[Opening Provided records section]

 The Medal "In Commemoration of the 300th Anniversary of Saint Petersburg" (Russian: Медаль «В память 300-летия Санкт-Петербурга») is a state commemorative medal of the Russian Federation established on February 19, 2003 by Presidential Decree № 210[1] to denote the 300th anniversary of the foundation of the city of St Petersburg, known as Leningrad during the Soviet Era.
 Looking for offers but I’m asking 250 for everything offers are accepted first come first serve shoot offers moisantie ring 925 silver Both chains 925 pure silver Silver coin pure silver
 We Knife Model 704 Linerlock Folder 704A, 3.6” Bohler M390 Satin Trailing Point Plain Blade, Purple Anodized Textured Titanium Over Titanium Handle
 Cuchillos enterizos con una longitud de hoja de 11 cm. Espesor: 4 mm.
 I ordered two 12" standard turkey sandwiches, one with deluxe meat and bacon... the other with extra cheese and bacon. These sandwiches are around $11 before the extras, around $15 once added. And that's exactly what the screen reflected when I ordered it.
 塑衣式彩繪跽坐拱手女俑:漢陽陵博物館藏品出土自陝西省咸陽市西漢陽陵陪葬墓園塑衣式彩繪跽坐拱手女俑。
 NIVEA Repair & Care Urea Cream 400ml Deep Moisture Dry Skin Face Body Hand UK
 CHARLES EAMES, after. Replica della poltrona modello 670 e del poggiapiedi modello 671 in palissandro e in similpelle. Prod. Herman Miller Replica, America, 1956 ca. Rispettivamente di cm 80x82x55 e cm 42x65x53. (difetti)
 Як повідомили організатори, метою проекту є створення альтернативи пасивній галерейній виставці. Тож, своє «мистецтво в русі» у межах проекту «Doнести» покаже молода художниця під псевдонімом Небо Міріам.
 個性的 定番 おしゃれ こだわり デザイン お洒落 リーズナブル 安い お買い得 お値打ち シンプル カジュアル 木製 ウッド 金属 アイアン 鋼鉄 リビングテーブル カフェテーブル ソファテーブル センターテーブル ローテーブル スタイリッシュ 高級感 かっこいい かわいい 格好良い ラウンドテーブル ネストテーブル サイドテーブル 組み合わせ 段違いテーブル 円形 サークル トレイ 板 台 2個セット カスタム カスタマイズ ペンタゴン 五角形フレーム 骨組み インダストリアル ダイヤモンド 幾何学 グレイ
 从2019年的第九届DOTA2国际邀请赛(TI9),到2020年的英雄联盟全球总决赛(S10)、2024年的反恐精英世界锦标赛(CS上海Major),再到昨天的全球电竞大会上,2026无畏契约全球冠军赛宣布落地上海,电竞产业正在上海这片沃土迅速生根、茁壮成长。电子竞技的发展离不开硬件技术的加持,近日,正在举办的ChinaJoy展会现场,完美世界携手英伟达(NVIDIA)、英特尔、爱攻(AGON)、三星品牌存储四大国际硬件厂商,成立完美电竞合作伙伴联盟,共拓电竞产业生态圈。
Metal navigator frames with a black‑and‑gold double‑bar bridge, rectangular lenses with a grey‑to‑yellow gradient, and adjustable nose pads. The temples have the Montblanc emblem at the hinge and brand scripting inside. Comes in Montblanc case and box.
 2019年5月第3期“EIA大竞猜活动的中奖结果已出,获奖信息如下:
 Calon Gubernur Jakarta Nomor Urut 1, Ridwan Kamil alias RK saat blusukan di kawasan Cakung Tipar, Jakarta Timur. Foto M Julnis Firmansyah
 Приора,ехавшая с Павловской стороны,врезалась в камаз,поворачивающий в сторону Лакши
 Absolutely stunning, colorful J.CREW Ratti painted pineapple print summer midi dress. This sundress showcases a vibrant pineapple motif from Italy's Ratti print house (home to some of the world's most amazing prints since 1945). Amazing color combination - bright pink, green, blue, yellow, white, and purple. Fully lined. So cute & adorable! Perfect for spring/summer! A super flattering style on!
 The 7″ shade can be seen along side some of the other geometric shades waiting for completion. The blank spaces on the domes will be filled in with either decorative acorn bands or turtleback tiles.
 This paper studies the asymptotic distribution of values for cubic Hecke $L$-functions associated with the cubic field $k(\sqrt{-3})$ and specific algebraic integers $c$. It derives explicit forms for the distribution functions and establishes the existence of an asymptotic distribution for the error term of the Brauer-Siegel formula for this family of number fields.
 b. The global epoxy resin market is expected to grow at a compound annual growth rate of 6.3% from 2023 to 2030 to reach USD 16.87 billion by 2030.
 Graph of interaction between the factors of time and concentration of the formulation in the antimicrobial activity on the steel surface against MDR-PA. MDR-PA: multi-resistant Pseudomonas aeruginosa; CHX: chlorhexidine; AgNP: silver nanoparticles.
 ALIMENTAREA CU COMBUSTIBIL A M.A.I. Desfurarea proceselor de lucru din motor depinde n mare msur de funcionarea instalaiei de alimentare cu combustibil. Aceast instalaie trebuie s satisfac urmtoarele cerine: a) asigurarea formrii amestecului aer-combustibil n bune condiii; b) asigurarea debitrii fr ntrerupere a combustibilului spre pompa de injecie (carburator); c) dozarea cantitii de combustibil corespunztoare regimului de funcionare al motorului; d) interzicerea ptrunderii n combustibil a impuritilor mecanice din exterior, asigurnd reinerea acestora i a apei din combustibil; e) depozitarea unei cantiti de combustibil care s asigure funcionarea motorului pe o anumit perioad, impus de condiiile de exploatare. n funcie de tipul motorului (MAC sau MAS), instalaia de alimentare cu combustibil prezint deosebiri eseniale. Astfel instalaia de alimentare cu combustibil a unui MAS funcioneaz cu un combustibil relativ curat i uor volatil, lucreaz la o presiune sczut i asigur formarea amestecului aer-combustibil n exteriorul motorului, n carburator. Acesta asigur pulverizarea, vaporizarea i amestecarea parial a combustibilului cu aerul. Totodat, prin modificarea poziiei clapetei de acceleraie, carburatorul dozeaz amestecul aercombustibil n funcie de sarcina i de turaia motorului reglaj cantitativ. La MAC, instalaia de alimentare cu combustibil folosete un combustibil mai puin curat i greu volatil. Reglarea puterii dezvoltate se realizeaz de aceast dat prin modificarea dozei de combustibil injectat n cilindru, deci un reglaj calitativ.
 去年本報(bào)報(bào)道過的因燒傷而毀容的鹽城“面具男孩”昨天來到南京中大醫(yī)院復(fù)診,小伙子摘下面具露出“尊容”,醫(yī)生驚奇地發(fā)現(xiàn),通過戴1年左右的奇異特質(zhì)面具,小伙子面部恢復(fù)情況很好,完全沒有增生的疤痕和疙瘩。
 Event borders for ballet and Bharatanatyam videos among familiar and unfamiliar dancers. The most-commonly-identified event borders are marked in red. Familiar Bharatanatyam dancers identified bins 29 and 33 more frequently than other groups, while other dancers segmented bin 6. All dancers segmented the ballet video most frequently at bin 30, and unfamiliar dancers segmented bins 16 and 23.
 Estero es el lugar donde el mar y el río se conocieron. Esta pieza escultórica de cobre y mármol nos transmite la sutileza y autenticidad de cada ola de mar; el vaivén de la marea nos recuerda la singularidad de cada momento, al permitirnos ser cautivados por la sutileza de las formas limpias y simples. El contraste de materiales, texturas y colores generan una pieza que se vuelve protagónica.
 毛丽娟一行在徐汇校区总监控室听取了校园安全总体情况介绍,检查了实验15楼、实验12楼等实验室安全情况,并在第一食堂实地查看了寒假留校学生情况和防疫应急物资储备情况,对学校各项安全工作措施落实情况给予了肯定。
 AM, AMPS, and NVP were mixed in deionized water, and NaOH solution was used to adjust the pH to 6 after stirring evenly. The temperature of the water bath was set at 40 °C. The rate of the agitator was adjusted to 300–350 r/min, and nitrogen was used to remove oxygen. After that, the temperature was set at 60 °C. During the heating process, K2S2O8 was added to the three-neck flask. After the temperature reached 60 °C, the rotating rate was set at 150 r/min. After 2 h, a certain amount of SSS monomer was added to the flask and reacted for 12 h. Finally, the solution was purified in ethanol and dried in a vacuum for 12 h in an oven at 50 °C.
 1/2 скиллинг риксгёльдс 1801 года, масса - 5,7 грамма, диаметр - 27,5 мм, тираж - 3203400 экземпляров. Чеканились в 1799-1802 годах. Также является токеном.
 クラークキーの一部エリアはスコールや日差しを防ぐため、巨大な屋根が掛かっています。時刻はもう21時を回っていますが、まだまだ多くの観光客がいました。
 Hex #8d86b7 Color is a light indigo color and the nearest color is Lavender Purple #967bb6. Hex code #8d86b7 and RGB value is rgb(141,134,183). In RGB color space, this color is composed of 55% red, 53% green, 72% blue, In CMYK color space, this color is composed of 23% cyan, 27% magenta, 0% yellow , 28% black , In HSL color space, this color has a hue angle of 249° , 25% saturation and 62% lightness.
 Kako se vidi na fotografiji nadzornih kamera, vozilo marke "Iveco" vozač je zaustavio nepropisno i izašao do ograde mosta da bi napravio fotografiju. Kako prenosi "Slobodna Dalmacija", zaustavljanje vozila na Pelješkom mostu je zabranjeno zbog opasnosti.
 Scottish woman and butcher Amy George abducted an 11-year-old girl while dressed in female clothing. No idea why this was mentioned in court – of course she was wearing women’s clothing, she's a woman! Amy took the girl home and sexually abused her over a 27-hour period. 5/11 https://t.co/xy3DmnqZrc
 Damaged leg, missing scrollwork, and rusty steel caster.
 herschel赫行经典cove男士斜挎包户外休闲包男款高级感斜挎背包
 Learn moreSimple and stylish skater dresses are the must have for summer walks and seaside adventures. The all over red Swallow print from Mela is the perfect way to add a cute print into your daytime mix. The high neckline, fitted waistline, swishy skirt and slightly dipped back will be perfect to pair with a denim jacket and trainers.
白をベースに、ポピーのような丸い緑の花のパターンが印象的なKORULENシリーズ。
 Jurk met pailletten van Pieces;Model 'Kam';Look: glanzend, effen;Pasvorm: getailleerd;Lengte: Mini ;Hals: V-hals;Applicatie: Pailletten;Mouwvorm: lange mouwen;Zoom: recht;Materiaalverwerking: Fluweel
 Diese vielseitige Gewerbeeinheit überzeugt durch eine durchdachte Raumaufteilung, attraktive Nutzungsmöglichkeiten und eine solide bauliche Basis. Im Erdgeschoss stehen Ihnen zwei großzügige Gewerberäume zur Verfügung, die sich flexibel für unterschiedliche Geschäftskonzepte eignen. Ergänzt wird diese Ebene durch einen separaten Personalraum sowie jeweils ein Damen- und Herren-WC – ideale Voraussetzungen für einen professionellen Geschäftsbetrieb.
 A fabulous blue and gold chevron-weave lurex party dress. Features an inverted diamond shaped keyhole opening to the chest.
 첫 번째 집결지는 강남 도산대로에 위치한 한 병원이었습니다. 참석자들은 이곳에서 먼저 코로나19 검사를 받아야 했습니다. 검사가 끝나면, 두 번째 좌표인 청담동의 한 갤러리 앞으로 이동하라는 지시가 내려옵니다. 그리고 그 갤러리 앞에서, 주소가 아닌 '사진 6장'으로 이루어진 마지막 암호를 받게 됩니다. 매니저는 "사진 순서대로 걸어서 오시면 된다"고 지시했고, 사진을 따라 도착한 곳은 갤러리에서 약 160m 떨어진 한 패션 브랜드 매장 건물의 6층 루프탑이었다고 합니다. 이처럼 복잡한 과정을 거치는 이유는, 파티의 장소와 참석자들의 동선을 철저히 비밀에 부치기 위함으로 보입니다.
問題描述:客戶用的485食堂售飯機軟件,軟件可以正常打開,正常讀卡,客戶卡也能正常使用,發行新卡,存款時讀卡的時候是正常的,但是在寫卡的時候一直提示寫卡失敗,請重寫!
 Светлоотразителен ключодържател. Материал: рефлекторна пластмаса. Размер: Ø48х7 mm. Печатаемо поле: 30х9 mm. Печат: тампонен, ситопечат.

[Closing Provided records section]

# What you will do
Look through the entries above, and wherever a line holds the word "gold", copy it.

# Solution
Metal navigator frames with a black‑and‑gold double‑bar bridge, rectangular lenses with a grey‑to‑yellow gradient, and adjustable nose pads. The temples have the Montblanc emblem at the hinge and brand scripting inside. Comes in Montblanc case and box.
 A fabulous blue and gold chevron-weave lurex party dress. Features an inverted diamond shaped keyhole opening to the chest.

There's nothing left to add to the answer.